Once the filmmakers were able to tap in to the ideas surrounding the balance of work and family, everything started to fall into place.

“We explored that themes within the prism of this film and that’s when we really started to feel that we had something there,” Knight said. “That was the turning point when we felt we had the emotional core. Once you have that, then you can start layering in the fun, the weirdness, the metaphors and the big ideas. But without the core, it all falls apart.”

Lighter tone

While Laika’s films already have a distinct feel that separates them from other animated fare, there’s no question that “The Boxtrolls” is much lighter in tone than “Coraline” and “ParaNorman.” Knight said the decision to go a different route with the studio’s latest feature wasn’t as much a conscious effort to put out a lighter film as it was their responsibility to tell a story the way it was intended to be told.

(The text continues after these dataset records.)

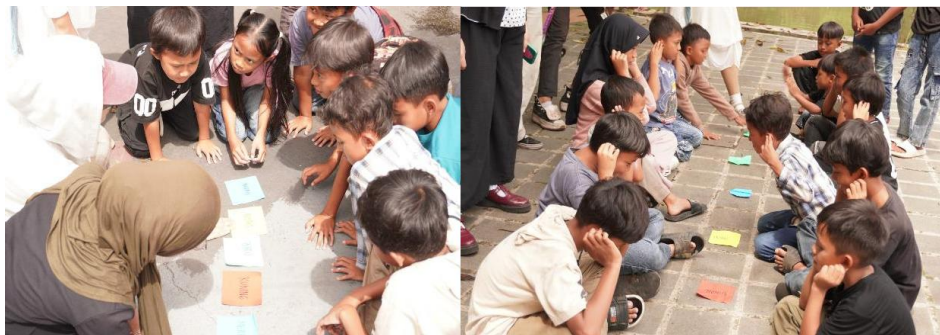
Gambar 5. Aktivitas Games Pengenalan Materi Workshop

Kegiatan dimulai sejak pukul 08.00 pagi, seluruh tim pengabdian masyarakat Telkom University dan seluruh anggota komunitas Rumah Pelangi Indonesia berkumpul di Selasar Kreatif. Kegiatan kemudian dimulai dengan berkeliling Telkom University sambil melakukan games . Games dilakukan sambil memaparkan materi mengenai teknik marbling dan penerapannya pada produk. Bagi para anggota komunitas Rumah Pelangi Indonesia yang menyimak dengan baik dan dapat menyelesaikan tantangan games , akan diberikan hadiah di akhir kegiatan. Diharapkan dengan melakukan games terlebih dahulu, para anggota komunitas Rumah Pelangi Indonesia dapat merasa lebih rileks dan fokus sebelum melakukan workshop pembuatan merchandise dan teknik marbling selanjutnya yang akan menghabiskan durasi waktu yang lebih lama.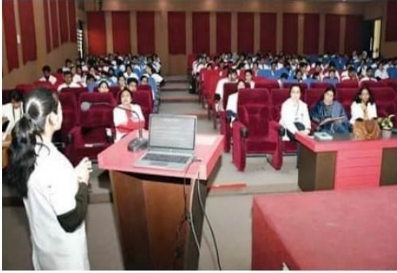
गज केसरी युग

मुरादनगर (मनीष गोयल)। आईटीएस डेंटल कॉलेज में छात्रों को दंत चिकित्सा के क्षेत्र में अनुसंधान के क्षेत्र में नवीन दंत चिकित्सकों को प्रोत्साहित करने के लिए यंग रिसर्चर अवार्ड का आयोजन किया गया। कार्यक्रम का मूल्यांकन करने के लिए इंटरनल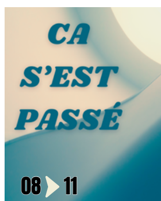
CA S'EST PASSÉ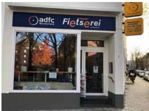
Infoladen ADFC Kreisverband Münsterland e.V.

Mit fahrradfreundlichen Grüßen - Ihre Redaktion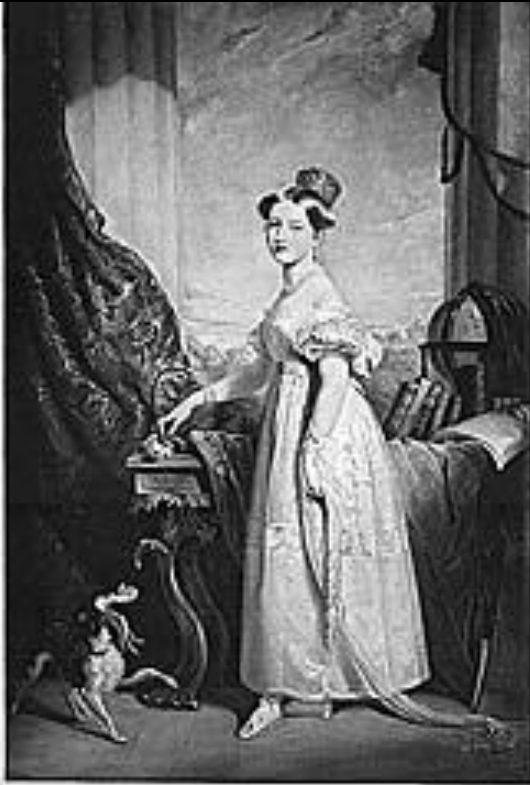
H. R. H. Princess Victoria 1833

From the picture after Sir S. Hayter at Windsor Castle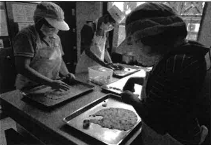
教保人員訓練服務對象烘焙餅乾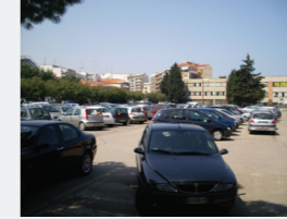
Concentrazione di Persone/Attività: Media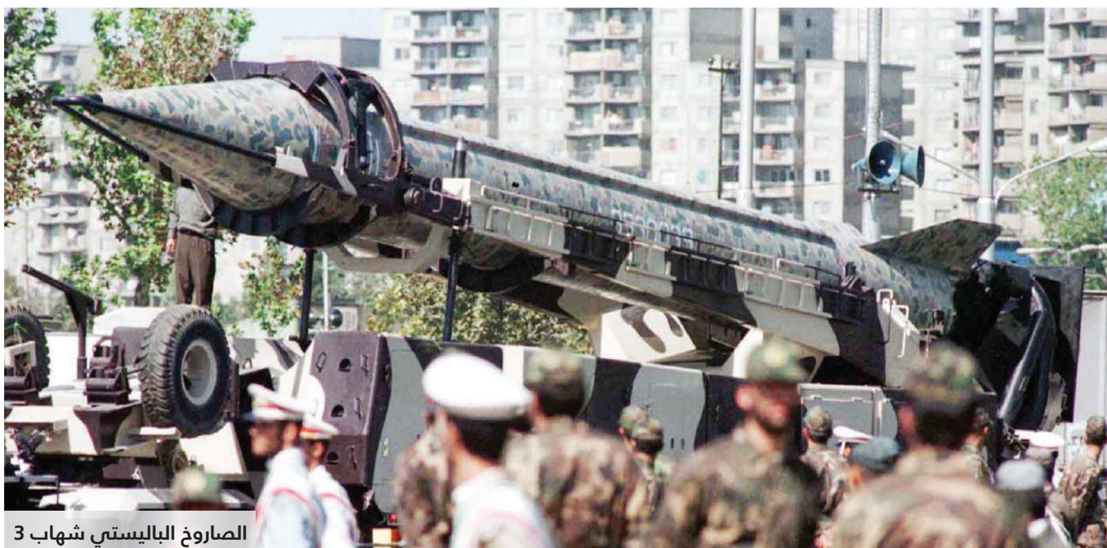
الصاروخ الباليستي شهاب 3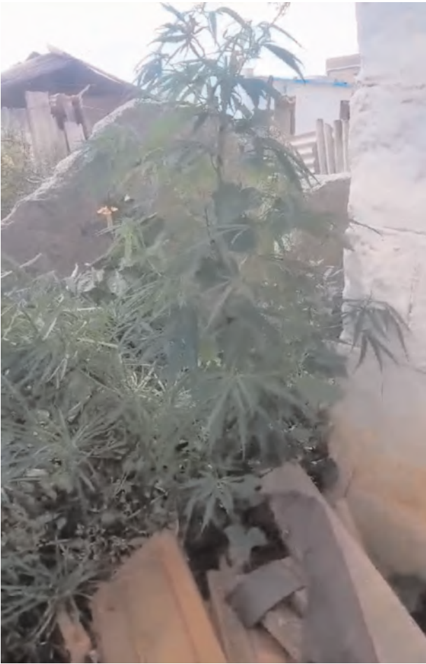
రావల్ కోల్ గ్రామంలో ఇంటి వద్ద పెంచిన గంజాయి మొక్కలు

యువత పెడదారి పడుతోంది. గంజాయి పీలుస్తూ యువత నిత్యం మత్తులో జోగుతోంది. అలవాటు లేని అమాయకులను సైతం గంజాయికి బానిసలా మార్చి సొమ్ము చేసుకుంటున్న కొంతమంది స్వార్థపరుల వల్ల అమాయకుల జీవితాన్ని చేతులారా నరక కూపంలోకి నెడుతున్న వైనంతో నేడు ఒక ప్రాంతాన్నే కాదు.. మండలంలోని అన్ని గ్రామాల్లో వెలుగు చూస్తూ యువత జీవితాలను చీకటిమయం చేస్తోంది. గంజాయి, అక్రమ మద్యం అరికట్టడంలో ప్రేక్షక పాత్ర పోషిస్తున్న మేడ్చల్ ఎక్సైజ్ పోలీసులపై చర్యలు తీసుకోవాలని పలు గ్రామాల ప్రజలు కోరుతున్నారు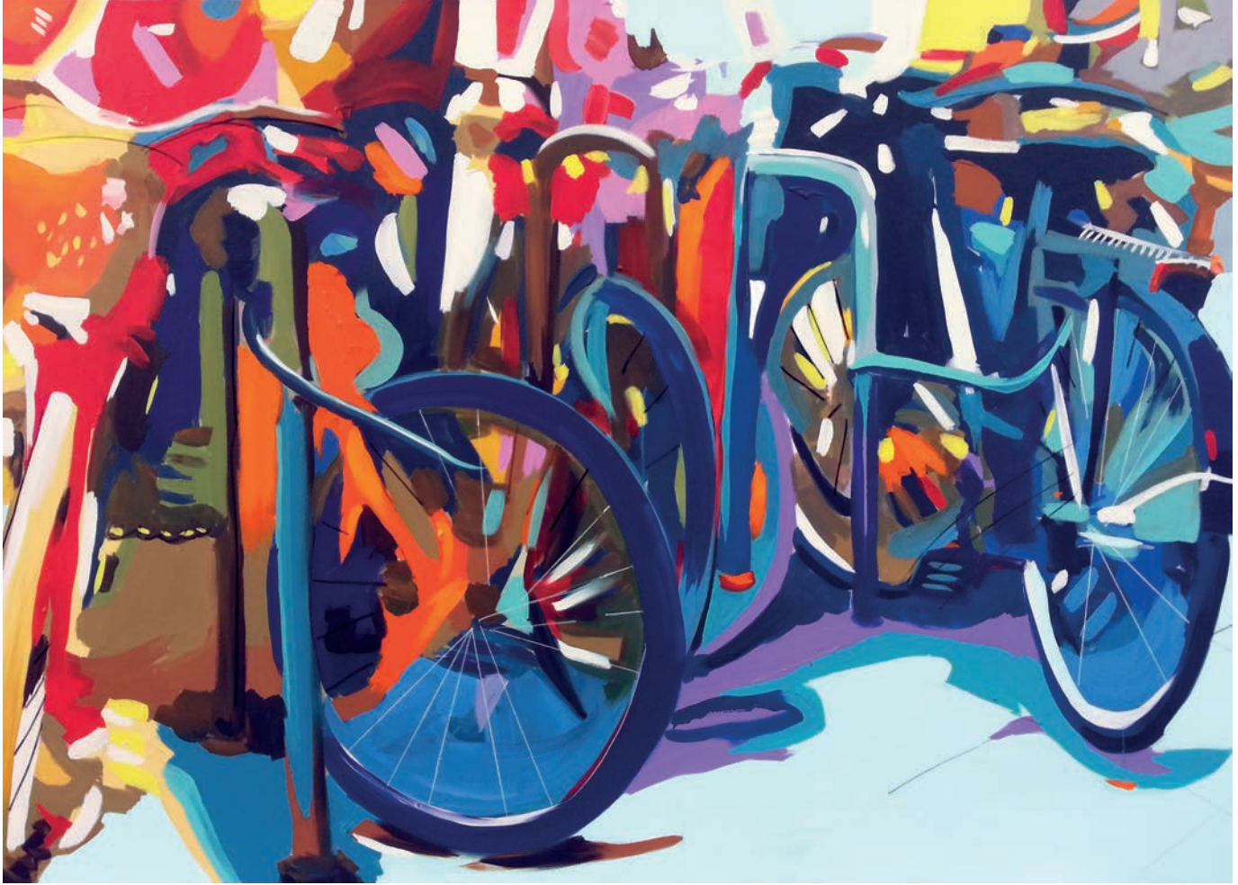
"Bisiklet Parkları" 140x170cm, Tuval Üzerine Akrilik, 2016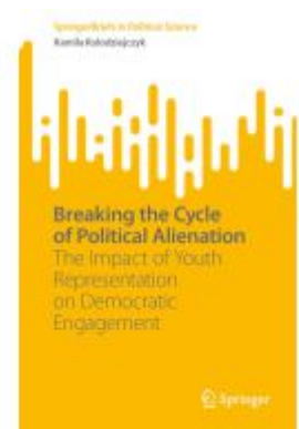
Breaking the Cycle of Political Alienation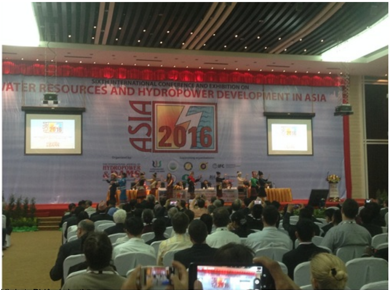
Hình 1: Phiên toàn thể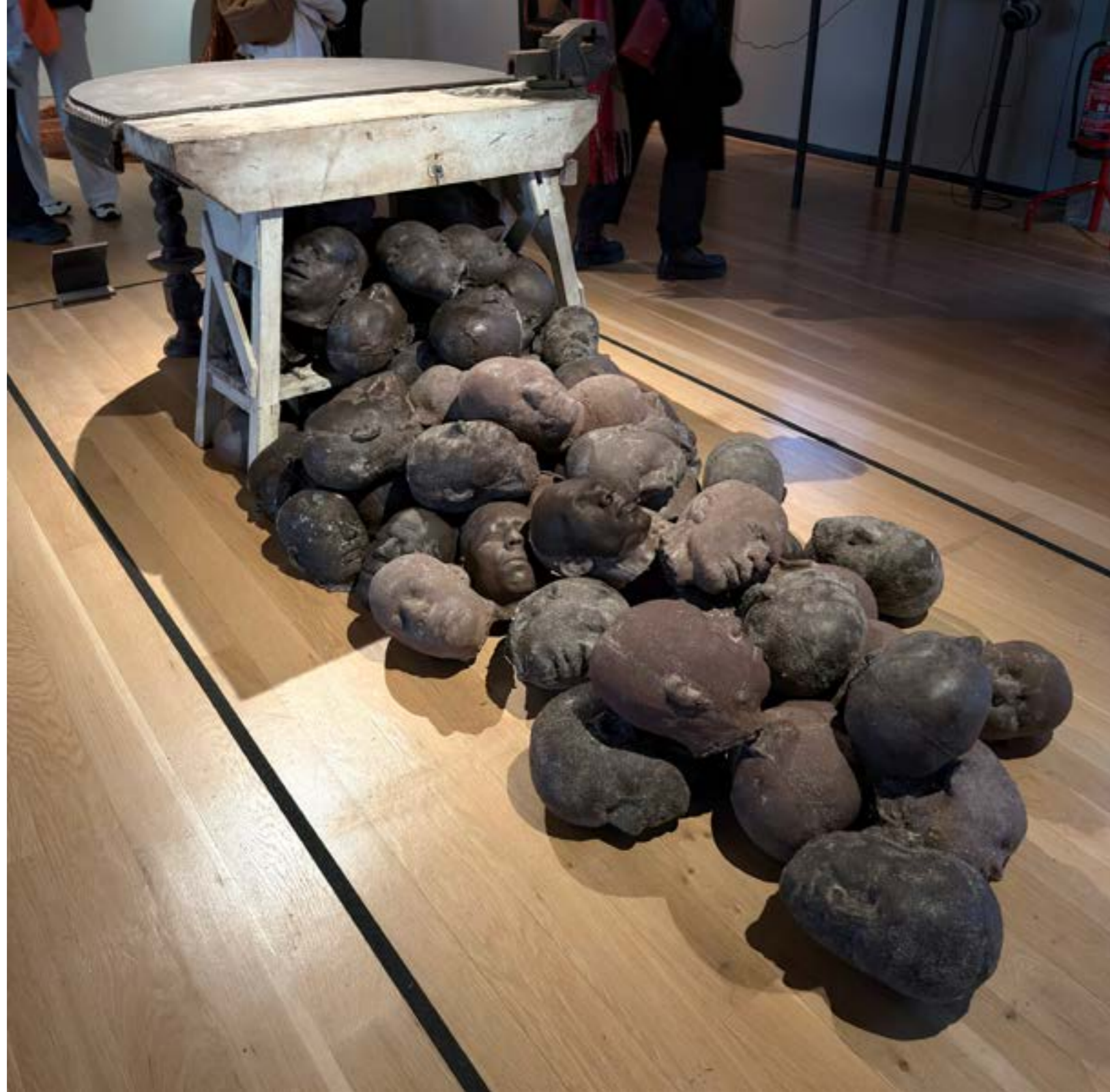
Figuras 7: Delírios de Catharina , de Caetano Dias, e diversas pinturas de Rubem Valentim. Exposição “Complexo Brasil”, Fundação Calouste Gulbenkian, 2026.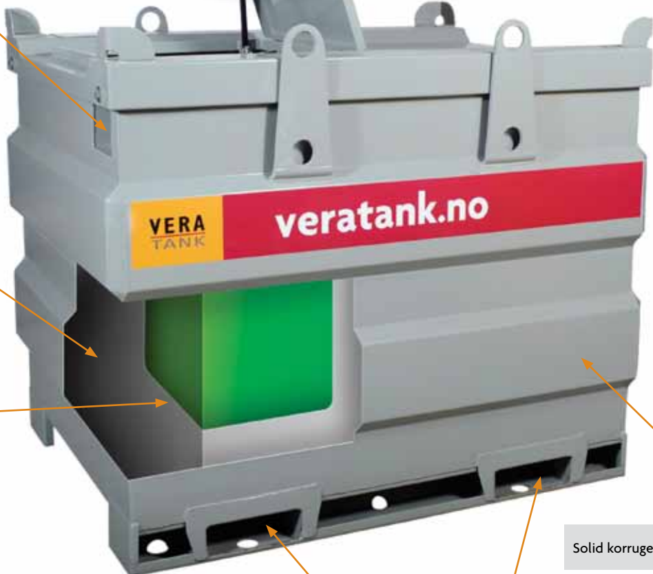
Rom for utstyr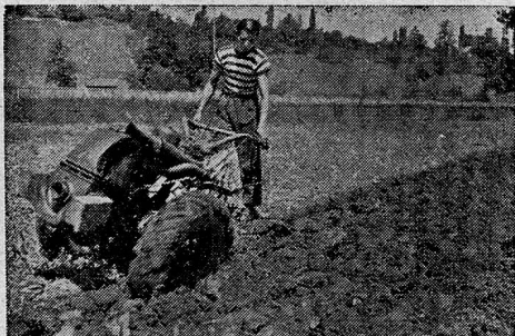
Typen 1944: 4, 8 und 10 PS.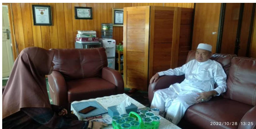
Picture 3 Interview with the chairman manager of the Great Mosque Sabial Muhtadin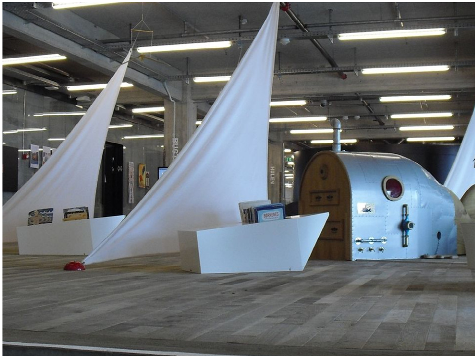
一進大門是兒童圖書館，然後不是書架，而是兒童遊戲區…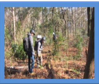
整備箇所の調査中

町民(ボランティア団体)、地権者、町とで協力して、道に落ちているゴミ等の清掃を行い、うっそうとしていた樹林地を整備しました。これで太陽の光もふりそそぎ、景観が良くなりました!!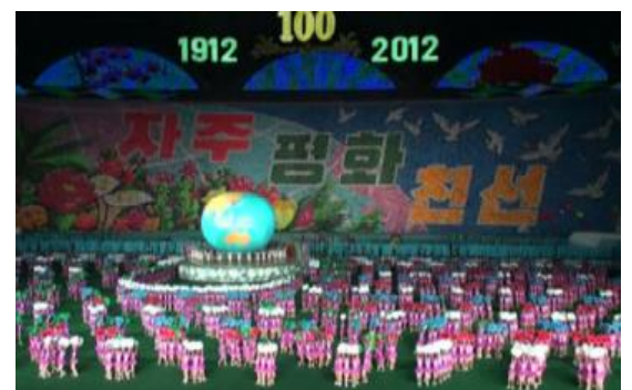
“Bağımsızlık, Barış, Dostluk”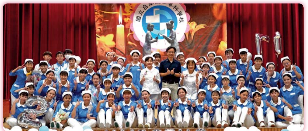
▲ 二年2班加冠生合影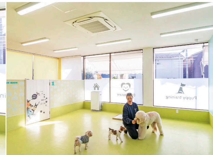
個性や性格に合わせたプログラムを提供。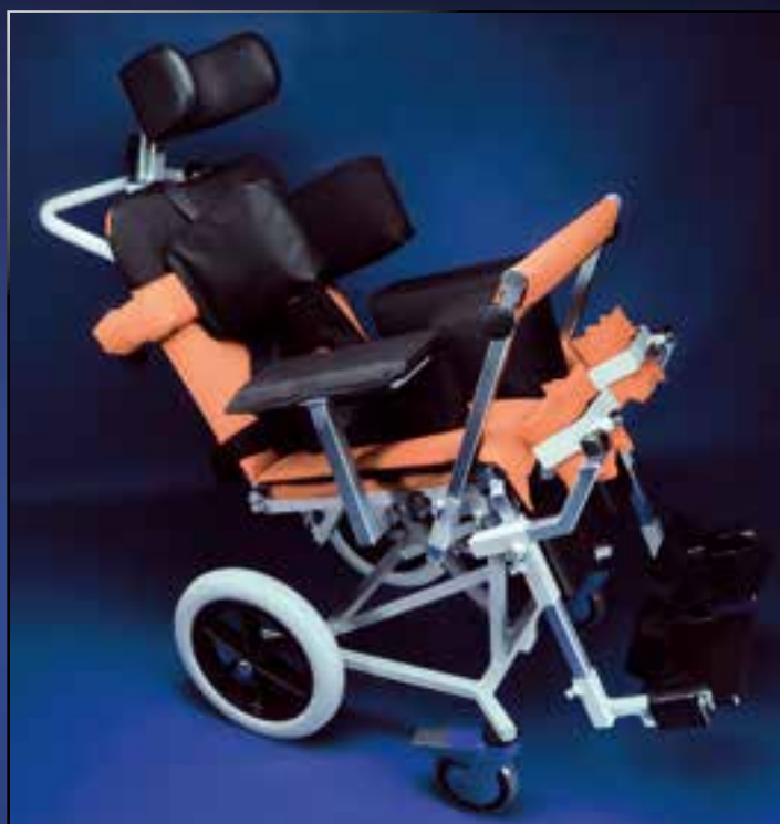
Polohovací zařízení pro postižené PINGUINO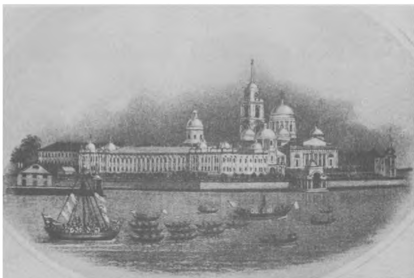
Нилова Столобенская мужская пустынь, Тверская губ.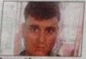
निराकर आरोपी। • हिन्दुस्तान

फैट थाना क्षेत्र के राजेंद्रनगर लेन नंबर 688 में एन.एच.आर.डी एसवी खाना की कोठी है। यहाँ की सामान बरामद करने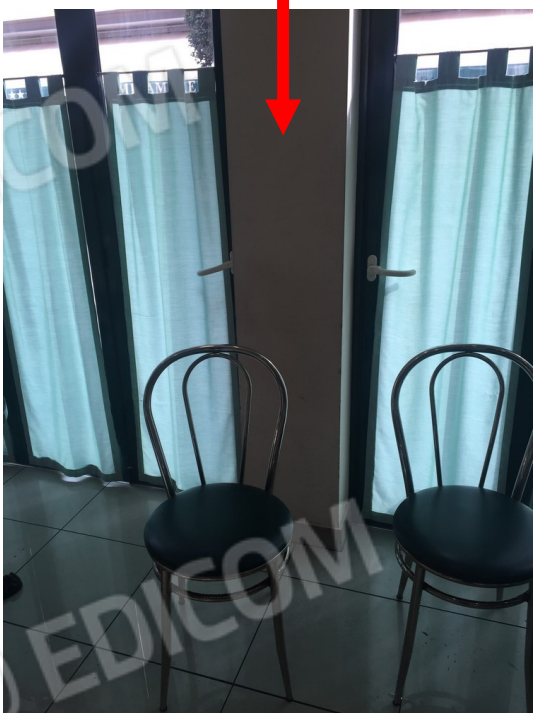
difformità catastale e di progetto dei pilastri e di una parete in prossimità alle vetrate dell'immobile commerciale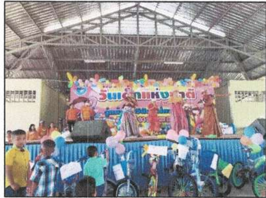
โครงการวันเด็กแห่งชาติ ประจำปี ๒๕๖๖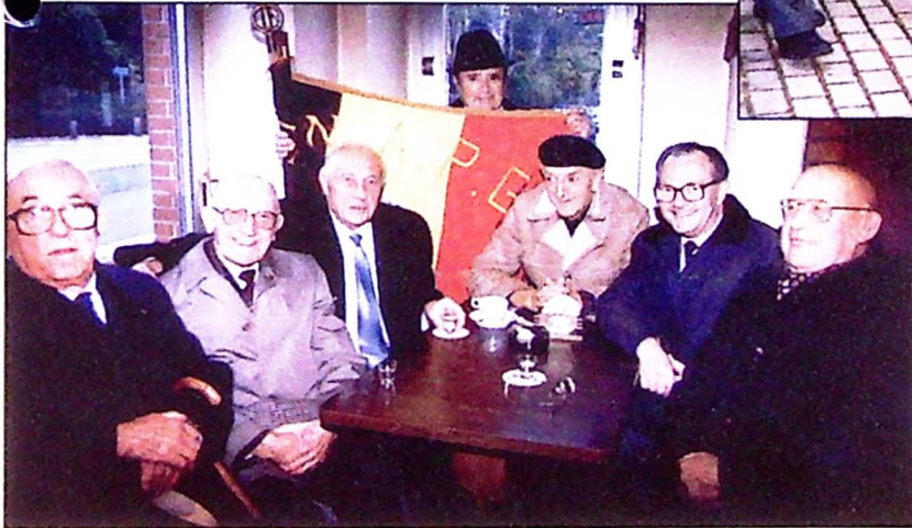
Un petit remontant avant le départ, le 11 novembre.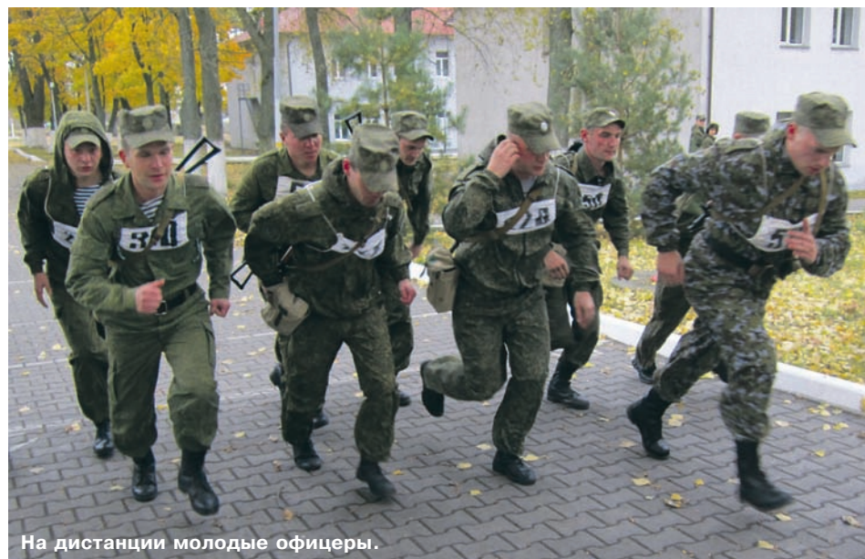
На дистанции молодые офицеры.

но на Балтике. Так внук пошёл по стопам своего предка.

“Each story demands something different. Yes, there were superficial similarities between ‘Coraline’ and ‘ParaNorman’ in that they both had supernatural elements, the films are different from each other,” Knight told me. “‘Coraline’ was inspired by classic fairy tales, so it had some primal scares at the core of it that were consistent with the source material, so you have to honor that in the best way.

“While I think that’ something historically family films have done, over the last 20 years they’ve been eroding that edge,” Knight added. “It’s to the point where we almost have this inoffensive approach to filmmaking for families, which I think in the end isn’t doing our kids any service at all. The material in ‘Coraline’ was something that we had to honor and we couldn’t fluctuate from the consequences of it.”

Knight said while there were also scares in “ParaNorman,” they were much different from those in its Laikan predecessor.

“‘ParaNorman” had scares, but they were funhouse scares. They were rooted in Amblin films and schlocky Hammer Horror films from the ’70s,” Knight said. “But while it had elements of scares and it dealt with death in a serious way, the scares were more superficial.”

“The Boxtrolls,” Knight said, “isn’t scary at all.”  That’s because while the Boxtrolls are perceived as monsters by the townsfolk of Cheesebridge, audiences will quickly discover that perception is simply not the case.

“The film does have intensity, though. It’s rooted in Dickens, Dahl and ‘Monty Python,’ so by virtue, it’s a different kind of story,” Knight said. “It’s an absurdist coming-of-age fable. It certainly has moments where things are intense, but it’s not a horror film by any stretch of the imagination. Each story demands something different from the filmmakers, and while we always approach a film with the idea of balancing something artfully — the lightness and dark, intensity and warmth, emotion and heart — so we really have a dynamic story, the ingredients will vary depending on what the story requires.”